On the 40 Acres, you often see student athletes hoverboard around to class. Have you ever stopped to ask, “Why?” Considering their tremendous athletic ability, it would only make sense for them to be able to walk around. What if the world isn’t exactly all that we thought it is…here are the top ten conspiracy theories about why student athletes hoverboard around campus.
10.) They do not have feet:
Easy, simple, and logical. How could you ever possibly know that student athletes have feet? Have you licked one of their feet? Physically felt it in your hand? The feet that we see on the field or court aren’t feet, but rather robotic feet made by Cockrell Students. If this conspiracy rings true, then one thing is for sure: the Horns’ offense need some better feet.
9.)They are self conscious about walking:
The Horns recruit some of the best in the nation with the spotlight always on them coming out of high school. They might walk too slow, or walk on their tippy toes too high. Appearance is everything when it comes to the spotlight.
8.) They’re actually not humans:
The basketball game on Saturday against OU proved this theory. How can Mo Bamba and a skinny lifeguard at Greg majoring in History be of the same species? They obviously can’t be. Watch Space Jam to find out more, but just insert Shaka Smart in for Michael Jordan.
7.) Anti-chafing mechanism:
Imagine the daily risk of chafing in the life of student athlete. It’s smart and rash-proof. The key is to position thighs in such a way that spread apart any risk of friction, but still stay on the hoverboard. The UT Media Team should release a video soon to be played at orientation with an inspiring message from Greg Fenves.
6.) Athletic Club Boosters get pissed if their shoes get dirty:
According to several sources, donors to the athletic program care about one thing and one thing only- the whiteness of one’s shoes. To skip around any conflicts with donors, student athletes could possibly be using this to please the donors.
5.) To avoid the drug cartel:
There is not much of a correlation between the two to the direct human eye, but let it be known that the drug cartel always works below the eye line, working in ways that Americans can not understand. How are student athletes to avoid conflict amidst the spotlight? Hoverboards. Watch Narcos to understand more.
4.) They keep Oreos stored in pants legs for carbo-loading purposes:
The most crucial part about fitness is loading up on carbs. What better way to always have an endless supply of Oreos than by using pants only for storage? Genius idea.

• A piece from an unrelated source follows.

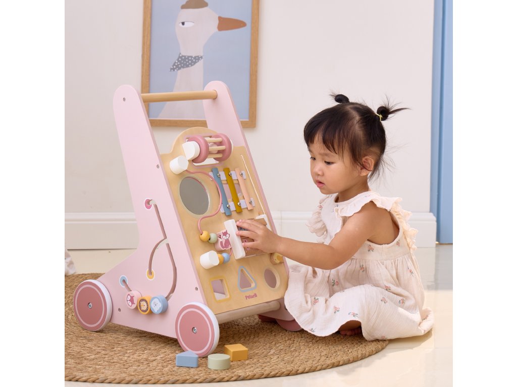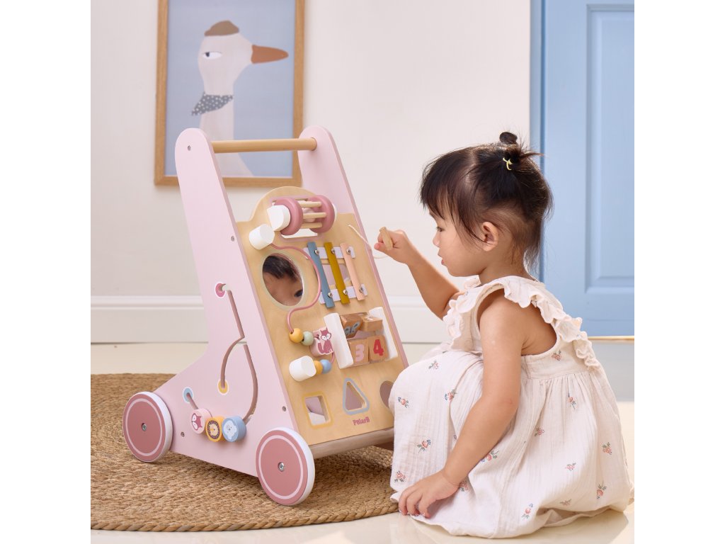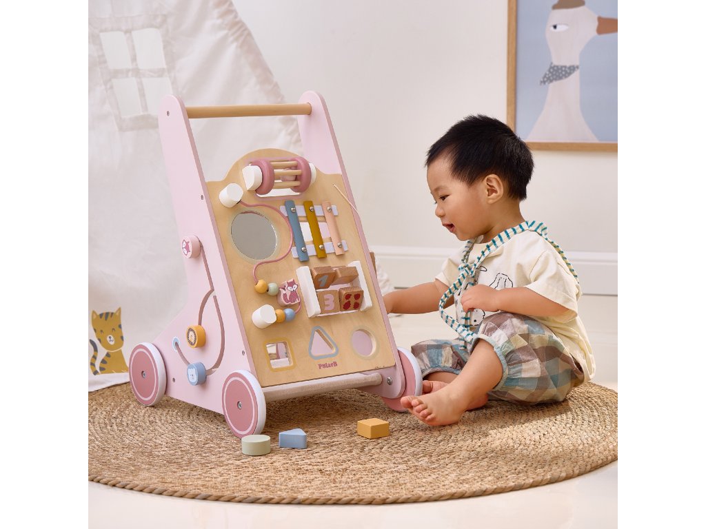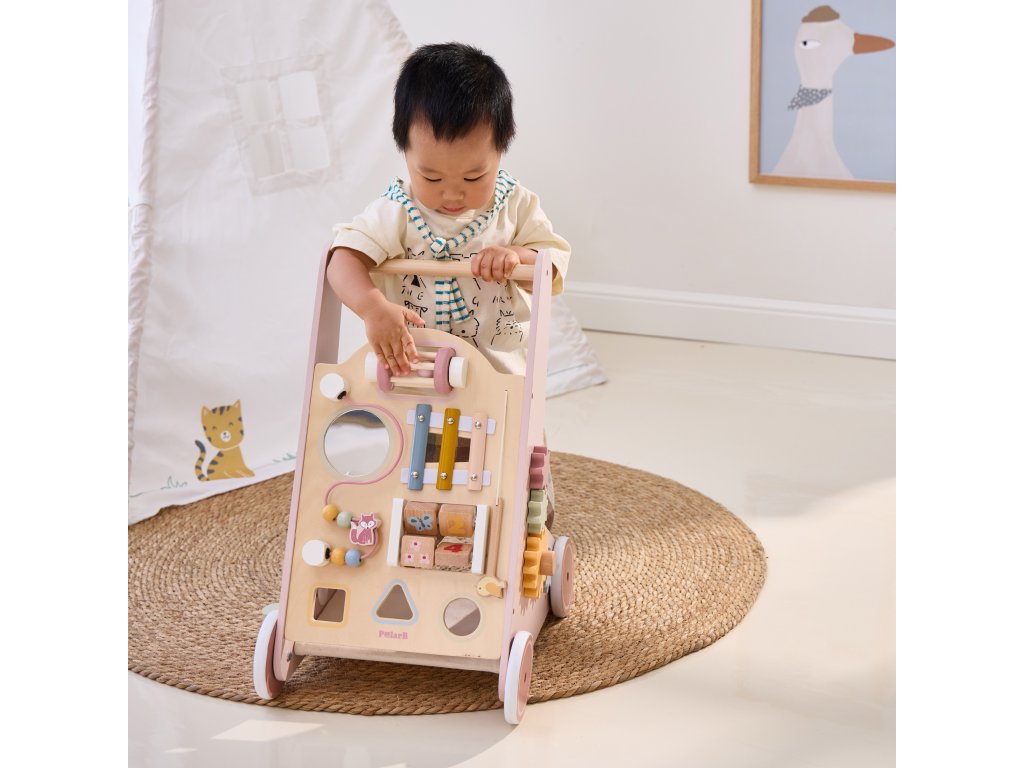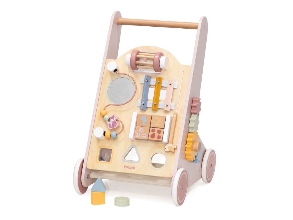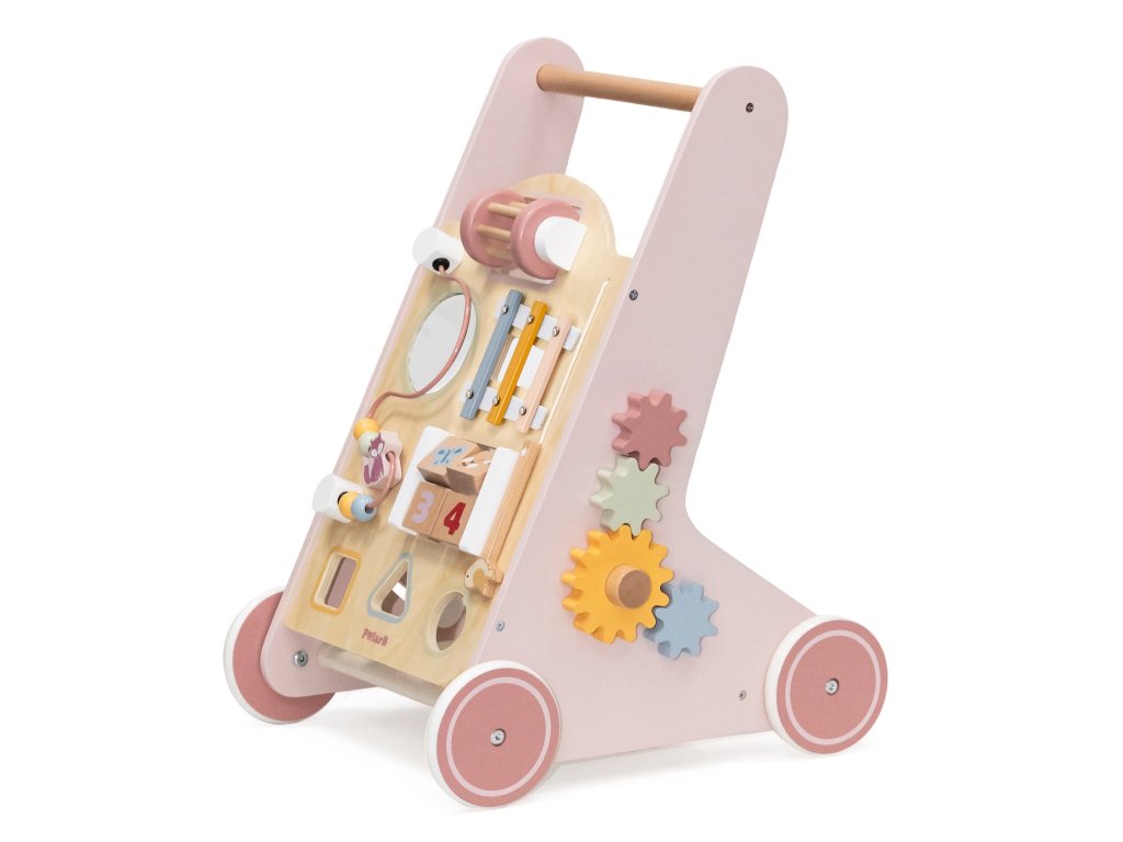 Ružový detský chodec od značkyPolarB je skvelá zábava a učenie v jednom! Ponúkainteraktívne aktivityako je pozeranie do zrkadla, otáčanie kociek, kotúľanie hrkálky, priraďovanie tvarov a hranie na činely. Vďaka tomu chodítkopovzbudzuje deti k prvým krokomčo je kľúčová fáza ich vývoja. Okrem toho je tupraktické skladovanieideálny pre vaše obľúbené hračky.

3.) To avoid Speedway tablers:
They might be onto something there. Who would possibly rather get bombarded with flyers from Phi Kap Epsilon Omega than ball out on a hoverboard? The answer is nobody. Student Athletes are a lot smarter than everyone gives them credit for.
2.) To indicate they are student athletes:
How else would someone know that they are in the presence of someone with a strong, athletic Instagram game? They don’t have specialized backpacks, or shoes, or jumpsuits, or name tags, or anything like that to let people know. You gotta show em somehow!
1.) It hurts to walk after their workouts:
Surely, this can not be the case. It seems too logical. Nothing is what it seems- have we forgotten the preachings of Alex Jones, Hannah Montana, and Apollo Creed?
Investigative teams will be working on this case day and night until we find an answer suitable for even the pickiest Plan II student out there. They will metaphorically dress up like BHP Majors and have the persistence of a Liberal at the Conservative bake sale- it’s that big.